Windows Server Backup (WSB) certainly accepts the disk without any complaints and is dutifully able to create the first Normal copy after which it is able to easily perform the delta-backup as would be familiar for an incremental or differential backup type. So yes, it does work. It tricks Windows into accepting the SMB target.

Performance is however a sticking point.

To apply some context: According to a “Legit Reviews” review of the WD Red 5400rpm 3TB drives in the NAS, each drive should easily have been able to manage a write speed of 80MB/s or 640Mbps at a minimum – with something around 147MB/s or 1176Mbps being expected for sequential writes.
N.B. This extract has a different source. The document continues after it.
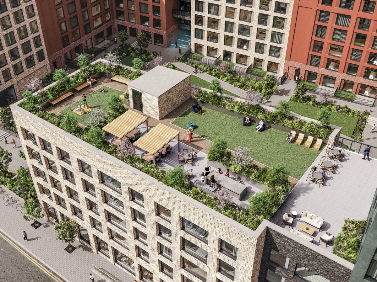 The massing, which ranges from 5 to 22 storeys, was developed in response to the contextual constraints, microclimatic considerations, planning policy, whilst achieving a density of development which met the client brief. It creates a series of activated roof top gardens with views across the River Clyde and the wider cityscape. Incorporating a mix of public, semi-public, and private garden areas to create a hybrid of activity and interaction.

Source: WD Red 3TB NAS Hard Drive Review (Page 3)

 

Creating a Hyper-V VHDX file and writing linear zero’s to it across the network results in a write speed variance of between 445Mbps and 495Mbps on the wire (55.6MB/s – 61.25MB/s). The highest that I saw it peak at was 537Mbps in burst.

Performing a backup onto the drive took 23 hours and 2 minutes with the MTU set to 1500 bytes with the average bit rate being approximately 420Mbps – 430Mbps for the backup. Particularly painful for the first normal backup. This is however comparable to the performance of a USB 2.0 drive.

So we can safely conclude that the bottleneck is not the drives. The bottleneck is the ReadyNAS Duo v2. Other, newer devices with more CPU horsepower, more RAM, larger NIC buffers, native Jumbo Frame offload support and more NICs (as well as more drives) should be able to offer better performance.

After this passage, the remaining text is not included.